Actually, regarding the knuckles, I was rather stoked, because ever since I read this in a book when I was about 10, I still to this day use my knuckles if I can’t remember how many days are in a particular month . . . so I was pretty stoked to find that in War and Peace, because I don’t remember it from last time.
And then, finally, after all this detail, a single brief paragraph suffices to outline the ultimate outcome of the Boris/Natasha relationship. Very cleverly done.
See you tomorrow!
Now here was something I’d completely forgot about. For some reason, I didn’t remember that Boris and Natasha had this reunion.
Still, what a great chapter, eh? (Again, all the great things about long novels are starting to pay off – when a couple like this get back together after four years – it feels like four years).
I think the most amusing thing (in a black sort of way) was the bit where Boris (happily carrying on an affair with a married woman) considers that it would be wrong to lead Natasha on if he has no intention of marrying her . . . Where’d he suddenly discover his moral compass from?
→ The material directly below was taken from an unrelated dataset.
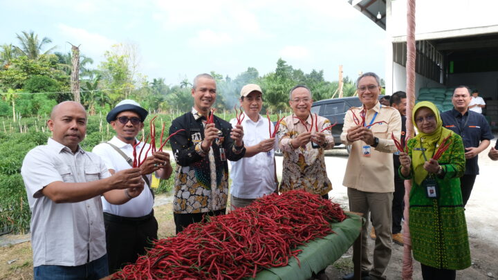 SMARTPEKANBARU.COM – Dalam upaya mendukung program Gerakan Nasional Pengendalian Inflasi Pangan (GNPIP) Provinsi Riau tahun 2025, Kepala Perwakilan Bank Indonesia Provinsi Riau, Panji Achmad, bersama Asisten II Sekretaris Daerah Provinsi Riau, Kepala Badan Pusat Statistik (BPS) Provinsi Riau, Deputi Regional CEO Bank Rakyat Indonesia (BRI) Pekanbaru, serta Kepala Balai Pelatihan dan Pemberdayaan Masyarakat Desa, Daerah Tertinggal, dan Transmigrasi (BPPMDDTT) Pekanbaru, melaksanakan panen perdana cabai merah di lahan Kelompok Tani Jaring Mas Sejahtera di Desa Pulau Birandang, Kecamatan Kampa, Kabupaten Kampar, Riau .

But then again – it might not be a throwaway detail. It could actually hint at the fact that while Boris takes whatever he gets (whether it be promotion, fame, women, etc.), there are things that are actually out of his reach. After all, there’s something so innocent about Natasha (compared with the shallowness and unfaithfulness of Helene) that I can completely understand how he gets drawn in.
Of course, those of you who haven’t read the book are probably all screaming at the book, “No, Natasha! No! Don’t! Don’t!”
But we’ll just have to wait till tomorrow.